Comment of the Day: How Houston’s Extreme Makeover Home Got Knocked Off Schedule

COMMENT OF THE DAY: HOW HOUSTON’S EXTREME MAKEOVER HOME GOT KNOCKED OFF SCHEDULE “We completed the house and the family was able to go inside and see the finished home fully furnished Monday night (8/2/10) around 10pm. The first year electrical service is being provided by Champion Energy. This is the 5th home we have built with EMHE and are very proud of what they do for families in need. I have personally met with several of the families and they are very grateful for what EMHE and the volunteers do for them. I just wish more people would have shown their Big Texas Hearts and would have come out to help. One building crew did not even show up for the night shift one night and it put the build behind by 30 hours! Thank you to everyone who did come out to help us complete this new home for the Johnson family.” [Rene, commenting on No, Not Finished Yet: Extreme Conditions After the Deadline at Houston’s Extreme Makeover House]

11 Comment

  • Perhaps if they built an average sized home (say 2,400 sf but still large for the area) the build would have been completed on time and the owners would have a better chance of affording taxes and utilities going forward. I wish them all the best.

  • I appreciate that the volunteering trades have the very best of intentions in making one of these EMHE homes, BUT, I also assume that that the producers of the program wouldn’t start to roll tape if all the required trades were not lined-up and under contract!
    Otherwise, the project becomes a Beg Fest, with the ‘host’ community looking like crap.
    Sorry – bottom line: we don’t go for forced participation.

  • There was a post on one of these ‘makeover’ threads here on Swamplot by someone who said the producers were trying to dictate when the volunteers would work without regard to when the volunteers SAID they COULD work.

    Puts a whole new spin on matters when they want you to volunteer during the hours you’re working your regular job!!

  • @Movocelot: You are spot on with your assessment….Amen! And there’s a definite sense of entitlement and a touch of arrogance in Rene’s comment above. With as much revenue as this show must produce, I can’t imagine that the production company is unwilling or unable to compensate for any construction short-fall in completing these homes, much less buy a few cases of Gatorade! Let’s not chide Houstonians for failing to provide the typical level of voluntary manpower and materials that help generate the excessive profits these so-called ‘charitable’ television programs typically reap. Rene’s comments make EMHE sound very greedy and entitled.

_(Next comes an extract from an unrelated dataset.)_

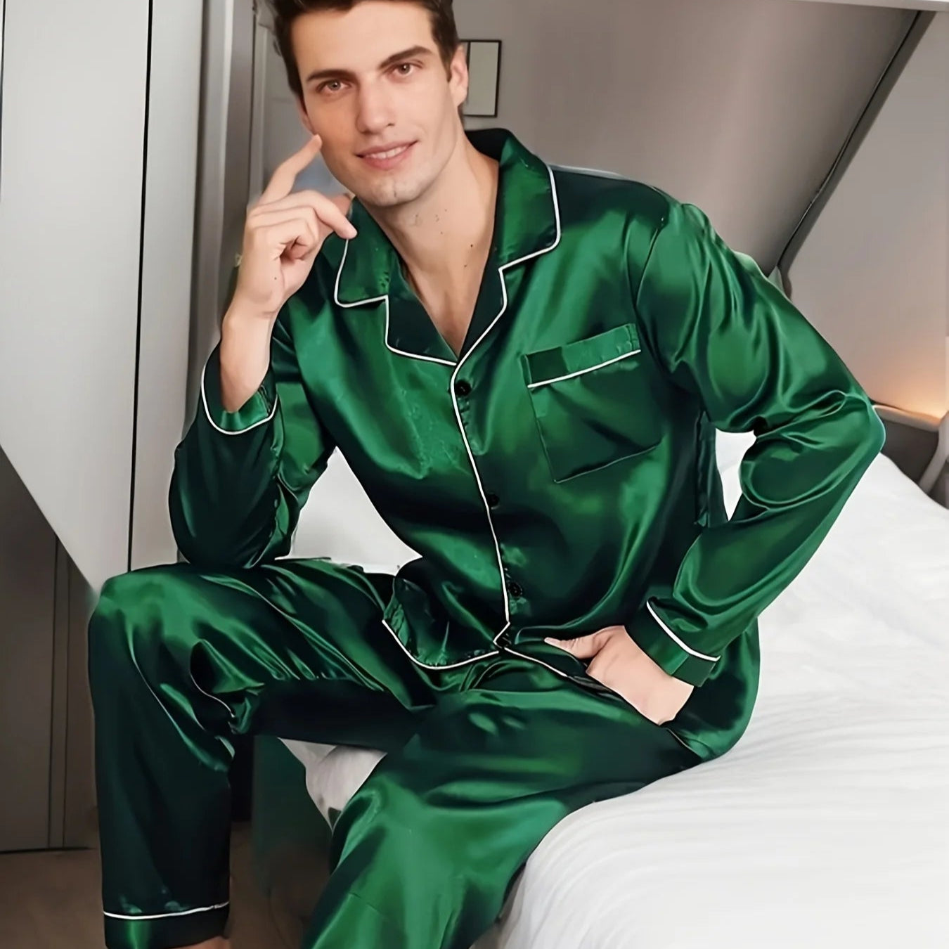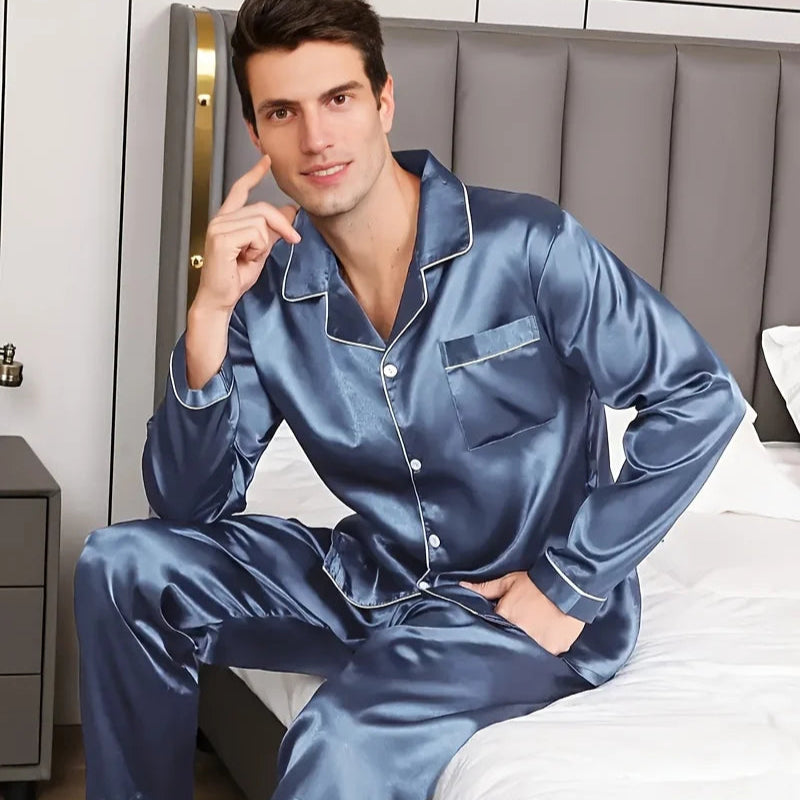 Men's Night Wear Silk Long Sleeve Shirt Plus Size Pajama Set Loungewear

  • Again, if you want to see quality renovations, community outreach, and afordable housing alternatives in that neighborhood, you should look no further than Project Row Houses. That group changes lives. EMHE just makes me change the channel.

  • This comment really just stinks but then this whole “let’s do something nice for a family in need by providing them a huge house they couldn’t afford on their own and probably won’t be able to afford to keep at some point in the future” genre of “reality television” stinks.

    Maybe they will come build a McMansion for the neighbors when they become homeless because they can’t pay the taxes on the new HCAD appraisals?

    Maybe the producers should learn to keep their mouths shut about the volunteers given the fact that they themselves are not volunteers and probably have made a nice chunk of change off this one house in advertising dollars when it airs?

    Maybe people with social consciences should not watch the show and boycott the advertisers?

  • The first year electrical service is being provided by Champion Energy.
    __________________________________

    Can’t wait to see what happens when Champion Energy shuts off someone’s electricity.

    “Why are you shutting off my electricity when you’re giving those people free electricity for a year?”

  • Taking these arrogant comments from Rene into account and seeing the way the general public is catching on to how this “charity” show works, i.e. asking (and guilting) a city for volunteers and donations to build a “white elephant,” all while the network takes home big profits, I think EMHA might be headed for “jumping the shark.”

  • “I just wish more people would have shown their Big Texas Hearts and would have come out to help”

    Little old lady down the street needs some help and you will see my big ol’ Texas heart open up faster than greased lightnin.

    Big money tv shows needs my help to increase their profit margins, well they can just go to Oklahoma.

  • What ticks me off about comments like this: this is not a charity. It’s not a non-profit doing good works in the community. It’s a television show doing this for ratings and for advertising dollars. I hate the way those calling for volunteers have spun this as helping a family in need, and chided people for not volunteering.

    Television shows exist to make money, and this one is no exception. You can bet that if it wasn’t profitable, it wouldn’t be on the air. I resent the insistence that Houston professionals *should* volunteer to assist a moneymaking enterprise. The network can absolutely afford to pay people for their labor, and this begging for volunteers is tacky and dishonest.

  • Anyone taking bets on how long it takes them to be robbed?